== Excerpted records ==
━━━━━━━━━━━━━━━━

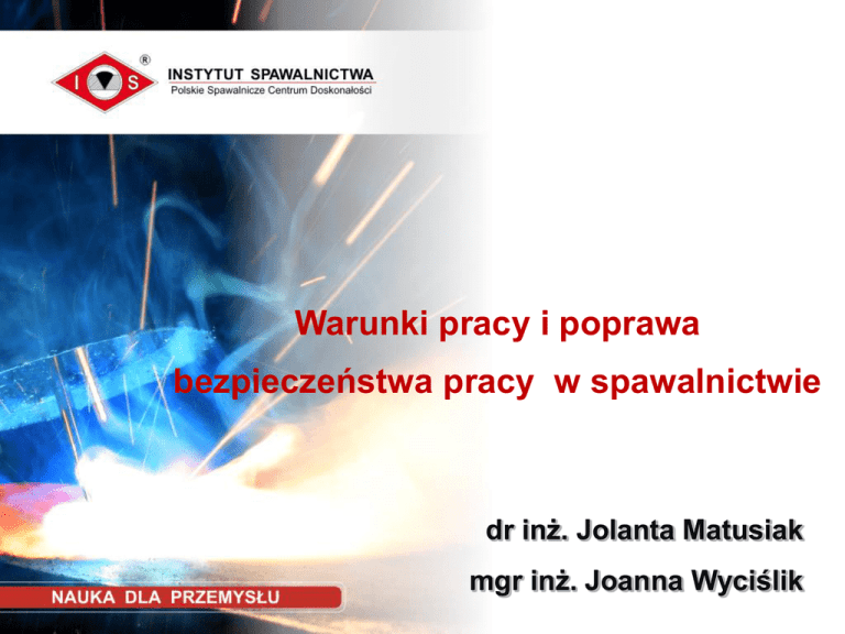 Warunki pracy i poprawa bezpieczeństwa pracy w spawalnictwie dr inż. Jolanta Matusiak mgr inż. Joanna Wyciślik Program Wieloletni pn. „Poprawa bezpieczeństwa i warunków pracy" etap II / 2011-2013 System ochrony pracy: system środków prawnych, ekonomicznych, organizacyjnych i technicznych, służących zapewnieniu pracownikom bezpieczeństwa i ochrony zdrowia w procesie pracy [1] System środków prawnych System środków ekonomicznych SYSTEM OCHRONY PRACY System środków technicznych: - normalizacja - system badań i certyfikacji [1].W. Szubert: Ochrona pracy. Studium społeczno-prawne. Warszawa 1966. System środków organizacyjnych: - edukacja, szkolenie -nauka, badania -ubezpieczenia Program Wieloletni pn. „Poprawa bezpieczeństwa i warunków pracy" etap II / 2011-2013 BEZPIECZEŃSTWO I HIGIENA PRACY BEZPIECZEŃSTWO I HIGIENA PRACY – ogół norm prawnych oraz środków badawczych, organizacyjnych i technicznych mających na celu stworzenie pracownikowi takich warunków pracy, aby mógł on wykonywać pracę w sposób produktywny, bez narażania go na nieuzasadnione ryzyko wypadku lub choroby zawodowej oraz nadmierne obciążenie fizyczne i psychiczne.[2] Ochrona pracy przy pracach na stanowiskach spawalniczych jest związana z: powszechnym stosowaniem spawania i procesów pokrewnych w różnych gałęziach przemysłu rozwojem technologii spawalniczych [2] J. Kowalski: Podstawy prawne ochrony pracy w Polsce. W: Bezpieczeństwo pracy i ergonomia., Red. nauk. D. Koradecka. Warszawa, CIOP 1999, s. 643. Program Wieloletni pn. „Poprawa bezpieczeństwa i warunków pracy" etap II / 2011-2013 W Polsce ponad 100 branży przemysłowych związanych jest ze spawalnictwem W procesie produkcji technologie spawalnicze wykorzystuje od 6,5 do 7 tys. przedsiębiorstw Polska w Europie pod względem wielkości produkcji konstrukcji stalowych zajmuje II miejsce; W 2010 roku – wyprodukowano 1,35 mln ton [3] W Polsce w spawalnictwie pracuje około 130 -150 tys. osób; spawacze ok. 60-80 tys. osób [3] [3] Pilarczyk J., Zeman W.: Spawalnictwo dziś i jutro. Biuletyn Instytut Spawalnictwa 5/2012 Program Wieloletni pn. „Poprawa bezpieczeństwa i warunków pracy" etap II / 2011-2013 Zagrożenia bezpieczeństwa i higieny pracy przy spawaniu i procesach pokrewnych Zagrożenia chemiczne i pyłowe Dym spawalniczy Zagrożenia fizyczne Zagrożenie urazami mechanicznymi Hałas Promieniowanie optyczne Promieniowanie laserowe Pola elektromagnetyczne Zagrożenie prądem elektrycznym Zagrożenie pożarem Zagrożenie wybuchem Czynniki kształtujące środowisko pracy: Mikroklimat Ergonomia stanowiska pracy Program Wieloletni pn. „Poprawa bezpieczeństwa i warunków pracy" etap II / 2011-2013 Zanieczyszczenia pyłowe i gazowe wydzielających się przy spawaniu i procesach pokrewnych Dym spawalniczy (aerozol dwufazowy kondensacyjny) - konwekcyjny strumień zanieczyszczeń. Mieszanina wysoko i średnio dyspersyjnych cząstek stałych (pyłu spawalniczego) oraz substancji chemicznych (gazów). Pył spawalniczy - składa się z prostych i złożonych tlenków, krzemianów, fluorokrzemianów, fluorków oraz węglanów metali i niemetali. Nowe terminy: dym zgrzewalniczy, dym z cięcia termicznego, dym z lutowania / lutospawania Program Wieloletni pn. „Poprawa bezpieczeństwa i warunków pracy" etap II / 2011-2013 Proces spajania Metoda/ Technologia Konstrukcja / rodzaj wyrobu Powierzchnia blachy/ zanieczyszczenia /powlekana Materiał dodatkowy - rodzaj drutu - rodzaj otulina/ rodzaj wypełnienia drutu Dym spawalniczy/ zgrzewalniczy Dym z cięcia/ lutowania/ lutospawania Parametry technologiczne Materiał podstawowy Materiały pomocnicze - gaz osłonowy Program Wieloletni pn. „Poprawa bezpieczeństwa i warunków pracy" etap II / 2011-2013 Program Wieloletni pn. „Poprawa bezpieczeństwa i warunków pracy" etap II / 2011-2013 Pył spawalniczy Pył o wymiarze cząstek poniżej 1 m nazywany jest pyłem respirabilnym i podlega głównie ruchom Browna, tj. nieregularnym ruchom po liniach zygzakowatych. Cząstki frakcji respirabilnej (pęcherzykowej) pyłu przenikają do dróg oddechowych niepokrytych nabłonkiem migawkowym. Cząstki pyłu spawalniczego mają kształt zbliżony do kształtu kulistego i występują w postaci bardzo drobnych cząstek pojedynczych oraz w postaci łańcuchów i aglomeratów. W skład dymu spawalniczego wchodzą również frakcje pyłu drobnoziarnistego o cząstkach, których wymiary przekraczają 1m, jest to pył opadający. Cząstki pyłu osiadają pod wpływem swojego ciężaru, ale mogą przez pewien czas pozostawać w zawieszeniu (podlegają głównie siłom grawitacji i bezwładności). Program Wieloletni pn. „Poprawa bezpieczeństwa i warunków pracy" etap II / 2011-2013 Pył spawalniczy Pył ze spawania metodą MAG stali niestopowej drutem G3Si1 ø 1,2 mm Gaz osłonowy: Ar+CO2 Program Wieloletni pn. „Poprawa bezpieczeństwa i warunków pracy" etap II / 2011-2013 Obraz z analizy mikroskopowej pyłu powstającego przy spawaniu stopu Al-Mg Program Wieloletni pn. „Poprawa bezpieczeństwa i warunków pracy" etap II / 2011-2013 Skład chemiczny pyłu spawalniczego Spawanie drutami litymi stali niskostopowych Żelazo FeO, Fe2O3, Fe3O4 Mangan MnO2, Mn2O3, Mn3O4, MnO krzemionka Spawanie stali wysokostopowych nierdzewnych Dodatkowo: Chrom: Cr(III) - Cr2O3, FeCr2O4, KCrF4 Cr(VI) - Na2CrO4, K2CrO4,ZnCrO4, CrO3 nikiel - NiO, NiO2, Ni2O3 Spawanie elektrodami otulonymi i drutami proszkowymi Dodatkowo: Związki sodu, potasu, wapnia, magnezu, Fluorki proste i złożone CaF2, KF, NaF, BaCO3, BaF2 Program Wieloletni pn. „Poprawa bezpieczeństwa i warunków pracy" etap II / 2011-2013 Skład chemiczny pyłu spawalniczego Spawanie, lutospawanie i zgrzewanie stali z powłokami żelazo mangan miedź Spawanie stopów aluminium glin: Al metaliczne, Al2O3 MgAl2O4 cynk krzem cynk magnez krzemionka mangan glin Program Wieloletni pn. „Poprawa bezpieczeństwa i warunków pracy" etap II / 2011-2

━━━━━━━━━━━━━━━━

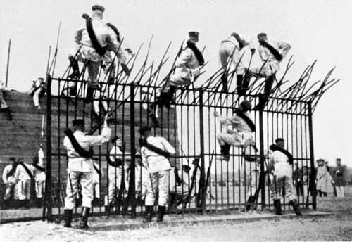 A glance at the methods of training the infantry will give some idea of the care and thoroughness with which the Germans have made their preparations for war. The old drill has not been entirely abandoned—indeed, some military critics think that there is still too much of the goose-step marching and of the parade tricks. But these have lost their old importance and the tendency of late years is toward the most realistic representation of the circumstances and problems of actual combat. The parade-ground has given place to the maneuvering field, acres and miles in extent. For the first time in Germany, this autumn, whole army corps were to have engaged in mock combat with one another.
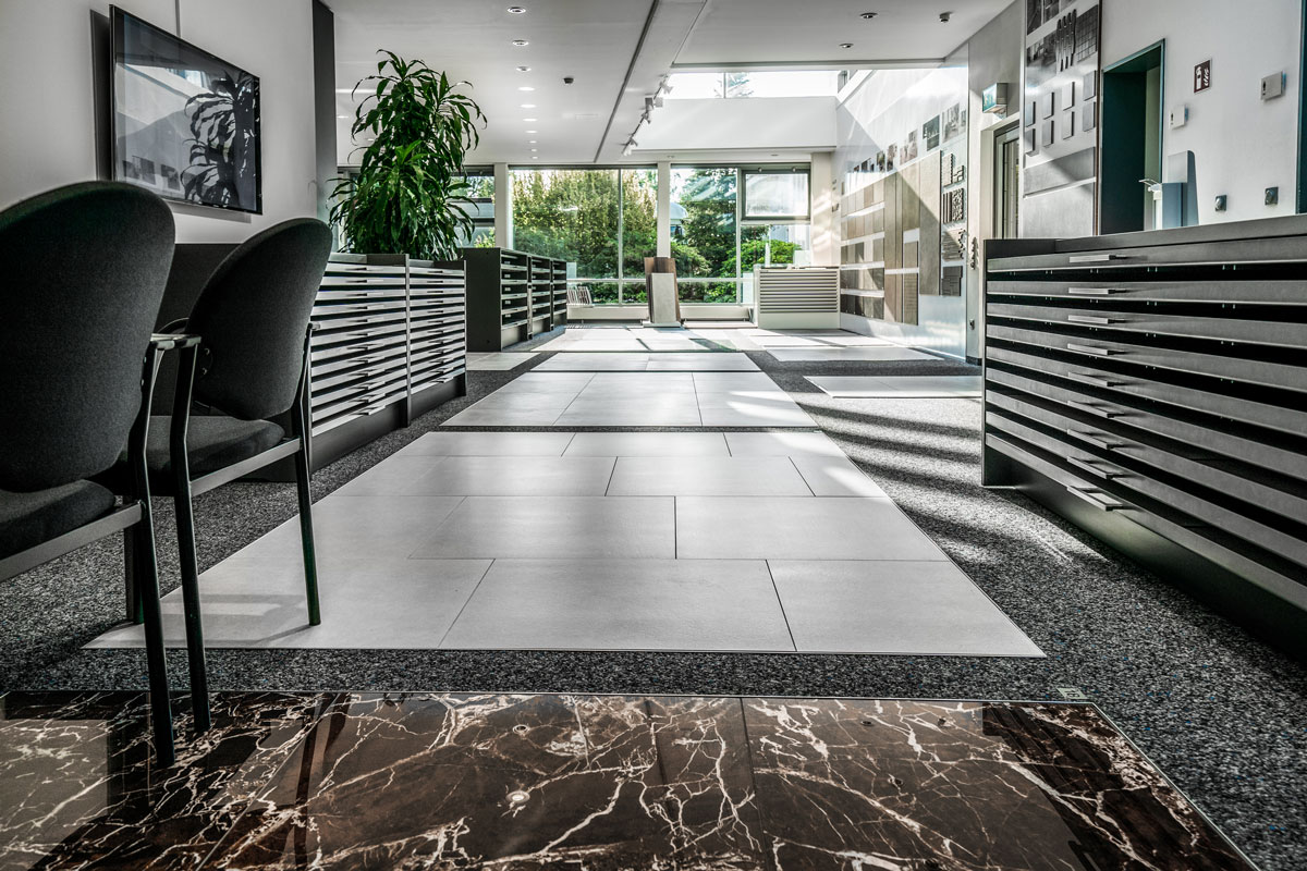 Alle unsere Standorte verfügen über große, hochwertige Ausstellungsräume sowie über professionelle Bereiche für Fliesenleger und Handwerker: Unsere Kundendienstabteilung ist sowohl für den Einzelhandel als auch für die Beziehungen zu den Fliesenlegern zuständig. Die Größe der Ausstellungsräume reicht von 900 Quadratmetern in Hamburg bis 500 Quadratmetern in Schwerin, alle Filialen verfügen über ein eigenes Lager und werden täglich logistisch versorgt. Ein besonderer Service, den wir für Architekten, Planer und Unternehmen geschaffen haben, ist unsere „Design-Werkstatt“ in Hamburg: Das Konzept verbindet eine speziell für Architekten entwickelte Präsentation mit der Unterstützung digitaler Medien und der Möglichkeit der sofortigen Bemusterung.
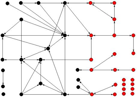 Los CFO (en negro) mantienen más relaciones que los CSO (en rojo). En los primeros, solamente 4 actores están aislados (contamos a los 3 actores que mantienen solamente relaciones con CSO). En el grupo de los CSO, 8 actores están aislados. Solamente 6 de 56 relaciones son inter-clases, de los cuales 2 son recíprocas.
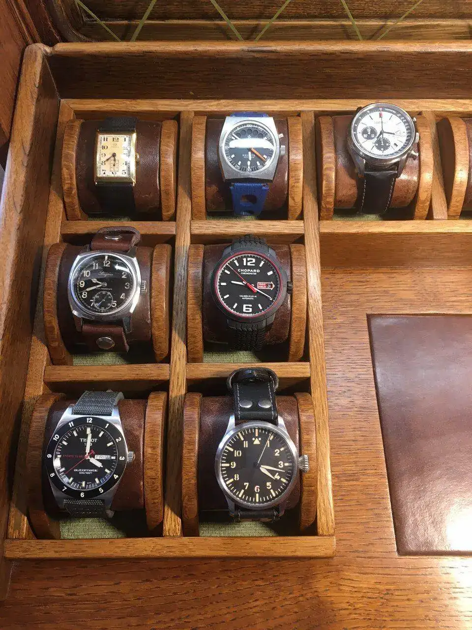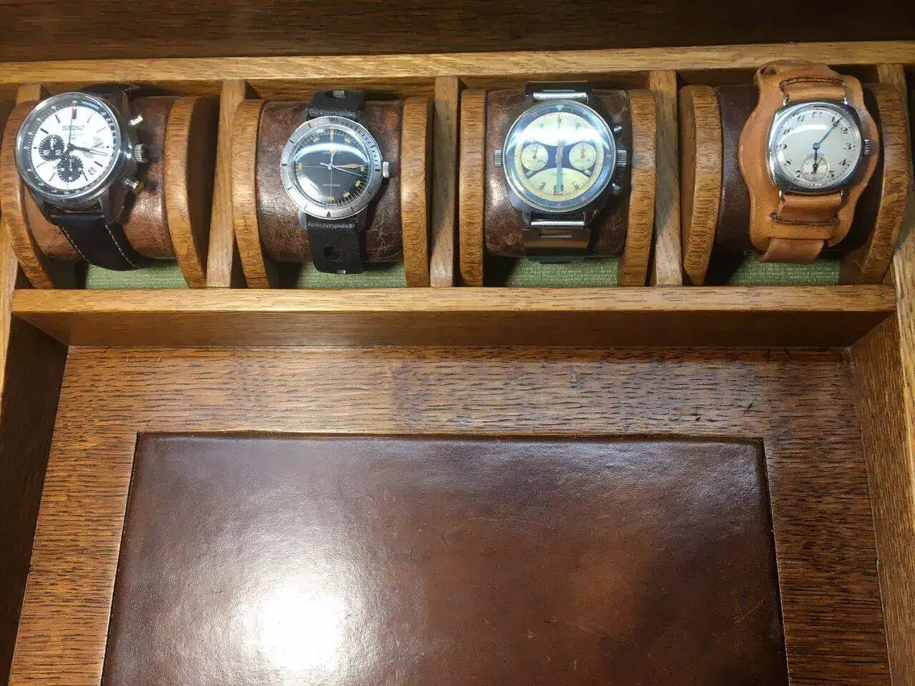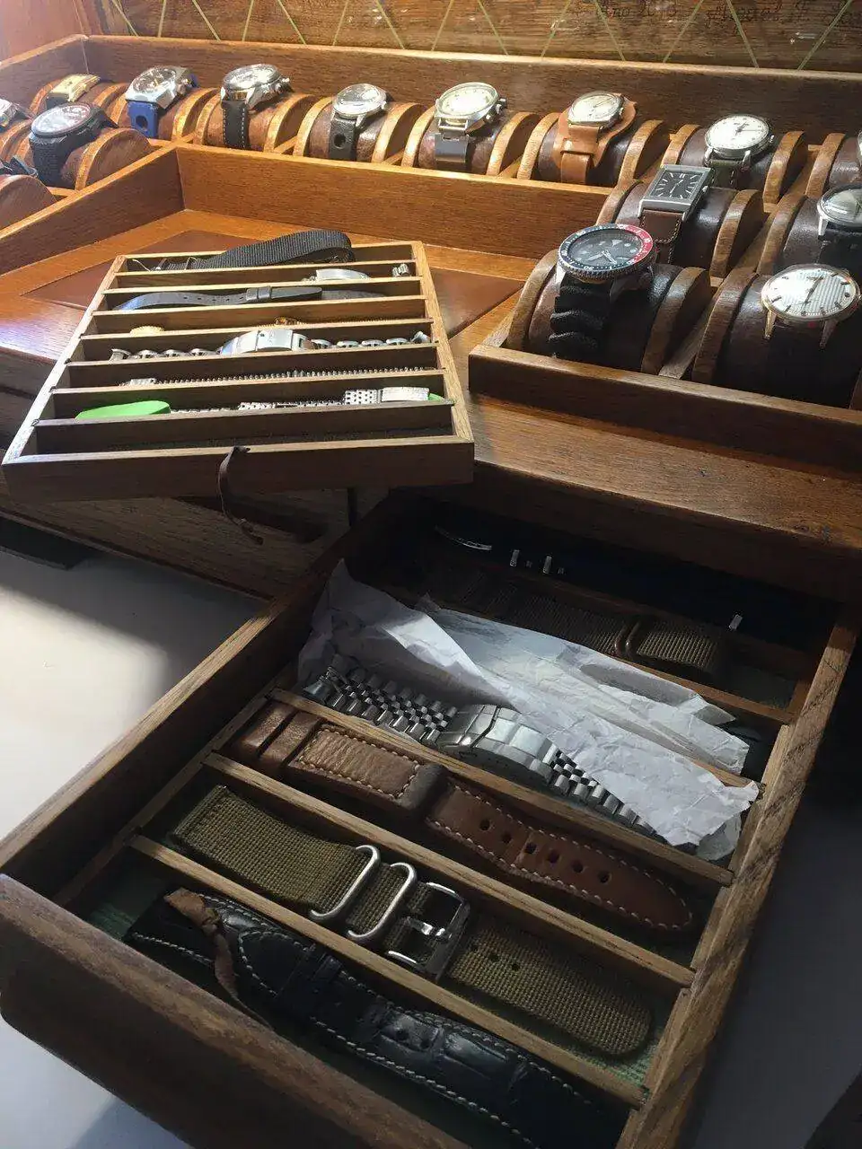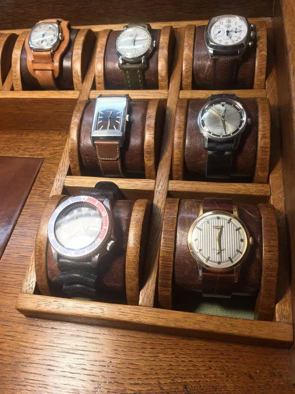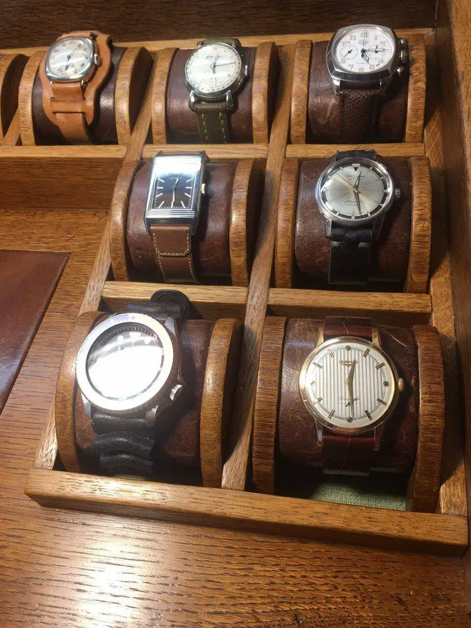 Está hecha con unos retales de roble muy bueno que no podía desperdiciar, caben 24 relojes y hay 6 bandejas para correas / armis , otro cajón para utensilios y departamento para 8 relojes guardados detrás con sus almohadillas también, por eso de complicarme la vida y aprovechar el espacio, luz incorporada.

━━━━━━━━━━━━━━━━

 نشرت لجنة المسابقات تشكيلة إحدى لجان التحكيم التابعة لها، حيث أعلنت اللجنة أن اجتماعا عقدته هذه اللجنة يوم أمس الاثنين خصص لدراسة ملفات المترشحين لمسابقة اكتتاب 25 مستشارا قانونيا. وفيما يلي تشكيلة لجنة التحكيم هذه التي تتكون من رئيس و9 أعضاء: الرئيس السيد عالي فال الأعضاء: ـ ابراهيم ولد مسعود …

━━━━━━━━━━━━━━━━

== What you have to do ==
In the records above, copy exactly everything from the line that has "A glance at" down to the line that has "Alle unsere Standorte", both ends included, and leave out the pictures.

== Answer below ==
 A glance at the methods of training the infantry will give some idea of the care and thoroughness with which the Germans have made their preparations for war. The old drill has not been entirely abandoned—indeed, some military critics think that there is still too much of the goose-step marching and of the parade tricks. But these have lost their old importance and the tendency of late years is toward the most realistic representation of the circumstances and problems of actual combat. The parade-ground has given place to the maneuvering field, acres and miles in extent. For the first time in Germany, this autumn, whole army corps were to have engaged in mock combat with one another.
 Alle unsere Standorte verfügen über große, hochwertige Ausstellungsräume sowie über professionelle Bereiche für Fliesenleger und Handwerker: Unsere Kundendienstabteilung ist sowohl für den Einzelhandel als auch für die Beziehungen zu den Fliesenlegern zuständig. Die Größe der Ausstellungsräume reicht von 900 Quadratmetern in Hamburg bis 500 Quadratmetern in Schwerin, alle Filialen verfügen über ein eigenes Lager und werden täglich logistisch versorgt. Ein besonderer Service, den wir für Architekten, Planer und Unternehmen geschaffen haben, ist unsere „Design-Werkstatt“ in Hamburg: Das Konzept verbindet eine speziell für Architekten entwickelte Präsentation mit der Unterstützung digitaler Medien und der Möglichkeit der sofortigen Bemusterung.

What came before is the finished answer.